How Fintech Firms are Helping to Revolutionize Supply-Chain Management

 

Market penetration of supply-chain management is only at 10% globally according to McKinsey, and only 30% of businesses worldwide have supply-chain financing computing according to Deloitte. Prevalently in the world, there is a lag between payment to buyers from suppliers, which was due to the financial crisis in the 1990s as companies tried to stretch internal resources. Supply-chain management can help improve the cashflow between suppliers and buyers by making payments fast and convenient for buyers.  Fortunately, companies are realizing these benefits, and supply-chain financing is growing. Fintech firms are driving this growth due to the ease of the platforms they offer.
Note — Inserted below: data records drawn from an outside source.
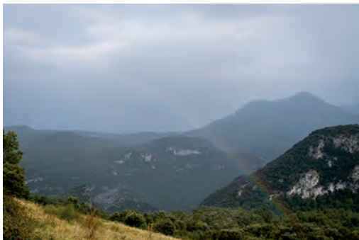
Text by Gasper Sopi.

"Spring comes, grass grows by itself. The blue mountain doesn't move. White clouds float back and forth."
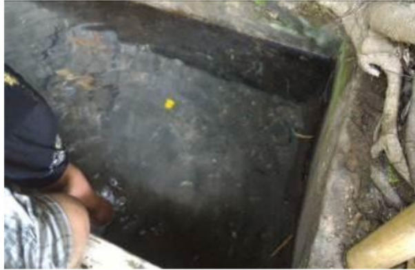
Figure 5. Dukuh spring which be constructed by concrete.

water is used by the people for everyday purposes.
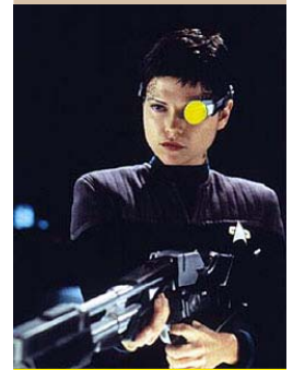
Ezri Dax tracks down a sniper in “Field of Fire.”
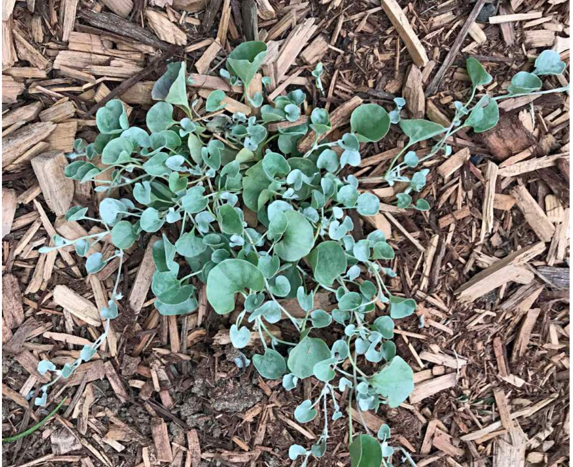
Silver Falls ( Dichondra argentea cultivar) This Central American cascading herb is planted in the new Poinciana Bar gardens.
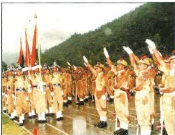
A view of Oath taking ceremony at STC Sheeri Baramulla
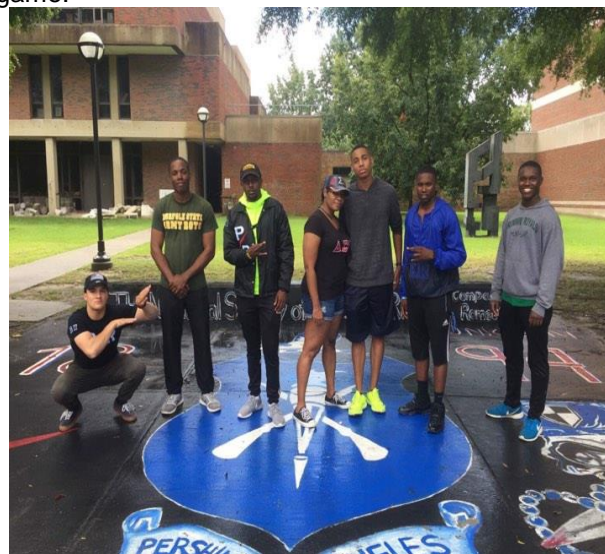
(Above): As the new academic year approached, Company R-4, Norfolk State University, helped with the university's move-in day.
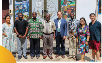
International Alumni Association of Bielefeld visits Wiuc - Ghana
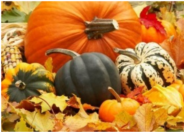
Holy Ghost Catholic Church 120 W Sequoyah Vinita, OK 74301

Vinita's annual Oktoberfest will entertain visitors with a variety of live music, delicious food and plenty of booths filled with arts and crafts. A celebration of German culture, Oktoberfest pays tribute to the season with children's games, beautiful fall foliage, pumpkins and scarecrows. Bring the kids for pony rides and endless family-friendly entertainment, or simply enjoy luscious fair food. This fall celebration has everything from German bratwurst with sauerkraut to savory turkey legs. Come and enjoy grilled hamburgers, hot dogs, fried fish and hushpuppies, taco salad, nachos, funnel cakes, cotton candy and shaved ice, as well as homemade pies, cakes and cookies.
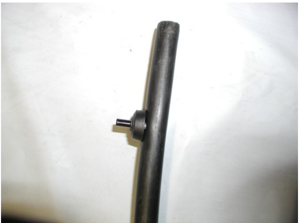
Figure 3: Emitter punched into line
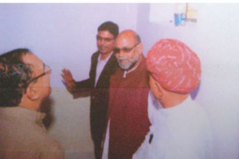
Facilities for girl students
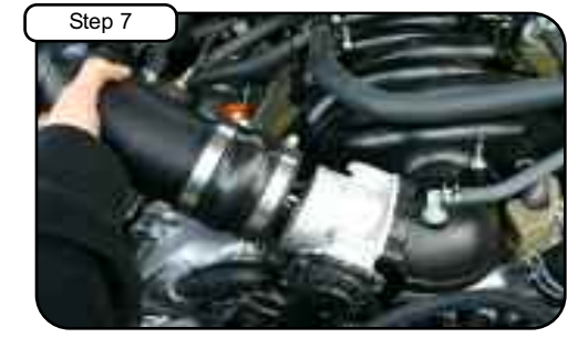
With couplers and clamps provided, place onto new intake tube and install. Make sure 4-1/4" coupler is on filter side and 3-1/2" coupler is on throttle body side .
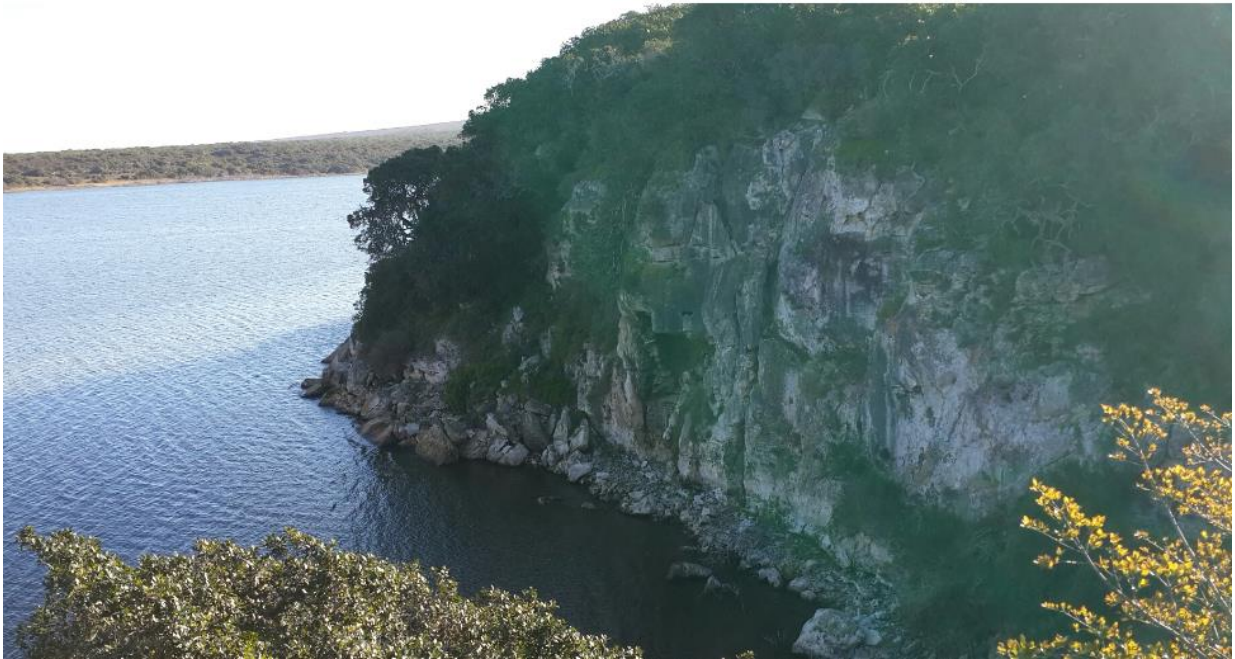
Figure 9. Vertical cliffs at the North Tierhoek Cove, in the middle part of the gorge.
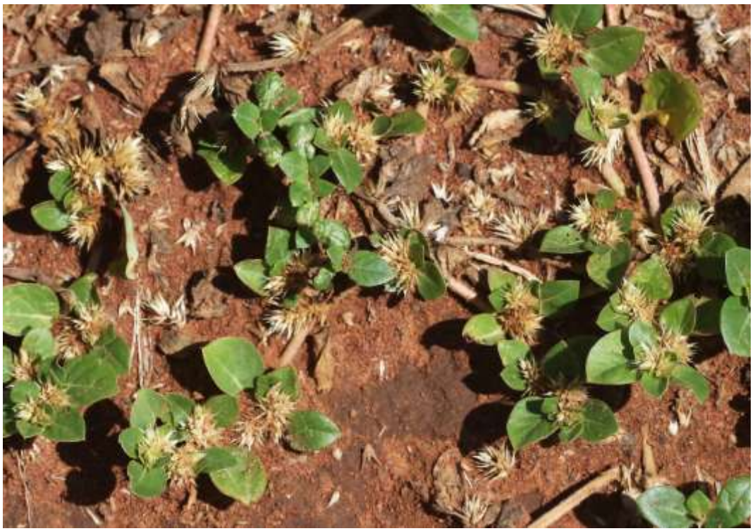
Photo 18 The alien invasive herbaceous weed, Alternanthera pungens , at the site.
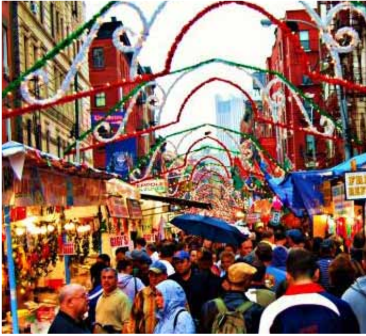
San Gennaro Festival
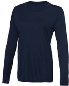
SPORT DARK NAVY
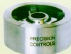
FLOW CHECK VALVE
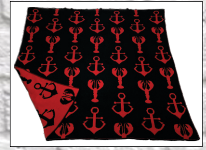
Lobster #24210 46"x50" 50% cotton/50% poly
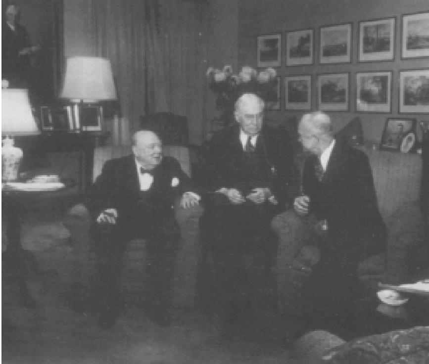
All his life Churchill followed U.S. financier Bernard Baruch's advice. In February 1938 it nearly bankrupted him; Churchill recovered his fortunes, but the empire never did.

'He means to say same thing in Commons on Tuesday.'
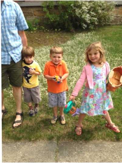
SUNDAY SCHOOL .
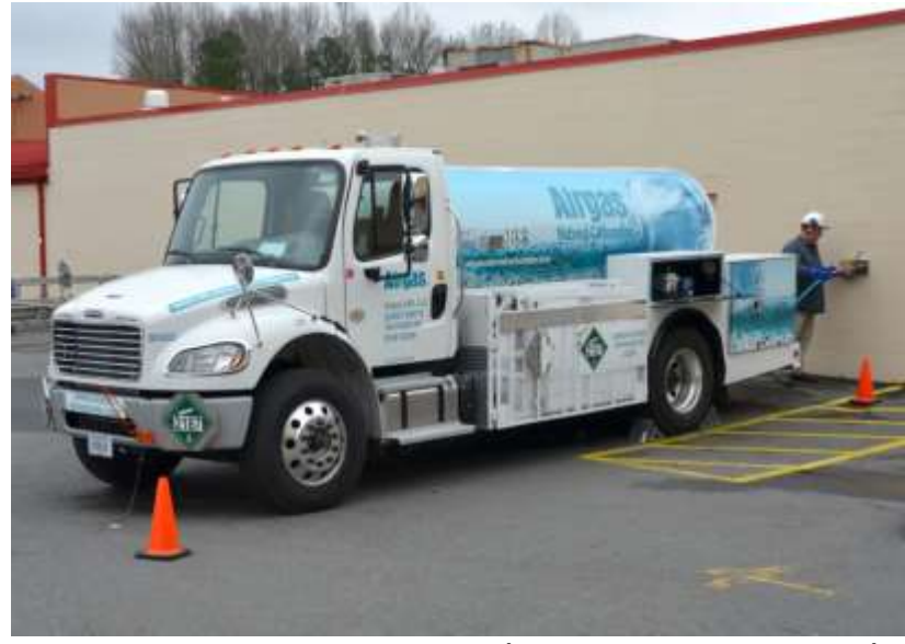
CO<sub>2</sub> Route Driver Filling Location (3 ½ Ton CO<sub>2</sub> Delivery Truck)

The Delivery is determined by the volume of each individual location & scheduled accordingly; typically this delivery cycle is every 21-30 days.
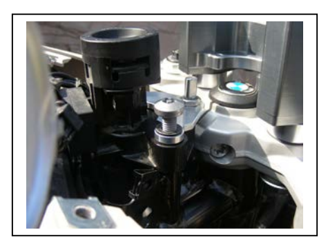
Frame bracket mounts as shown under the stock key mount bolts
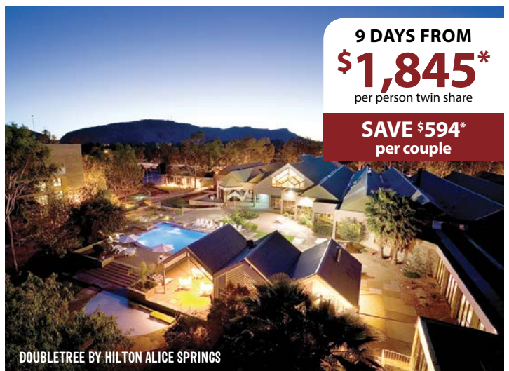
DOUBLETREE BY HILTON ALICE SPRINGS
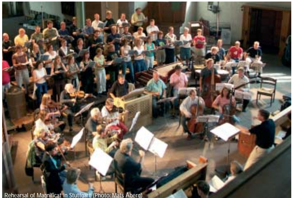
Rehearsal of Magnificat in Stuttgart
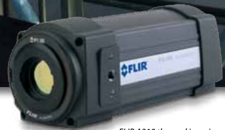
FLIR A310 thermal imaging cameras are mounted in protective housings above the coal transport belts.

To avoid the risk of spontaneous combustion in the coal conveyor system at the Dangjin Coal Fired Power Complex (DCFPC) in South Korea the owner of the plant, the Korea East-West Power Company (EWP), has installed a fire warning system based on thermal imaging cameras. By detecting a rise in temperature long before it rises to the point where the coal reaches combustion the thermal imaging cameras help ensure the plant safety and continuity of power production.
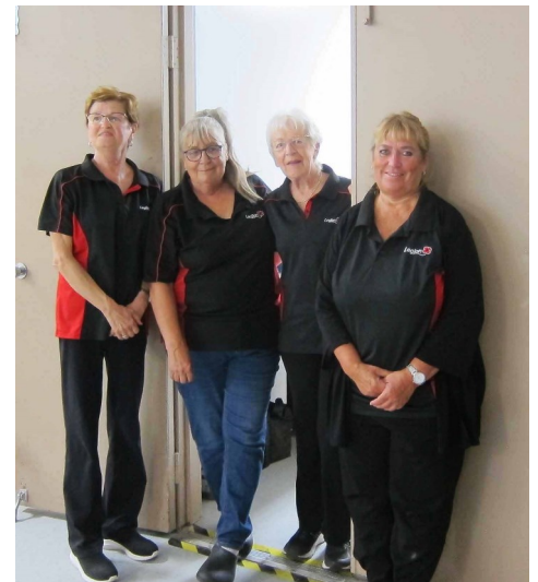
613 Royal Canadian Legion staff who served a wonderful meal

Fintech firms are shortening payments by paying sellers on behalf of buyers. Once a buyer approves of an invoice, it is sent to the fintech lender, who then pays the supplier at the agreed date. The fintech lenders are also able to pay buyers on a earlier date less a discount, which are minute due to low interest rates, short financing periods, and risks only associated with the market. Although banks offer this kind of financing, fintech firms are able to help out smaller businesses, meeting the need of the growing market.

How Fintech Firms are Helping to Revolutionize Supply-Chain Management 

One thought on “How Fintech Firms are Helping to Revolutionize Supply-Chain Management”

  1. This is interesting given the fact that supply chain is a big part of businesses worldwide. I definitely think that by improving the supply chain, especially through FinTech, more companies are able to focus on the content of the business, rather than daily operations (such as operations between buyers and sellers as mentioned).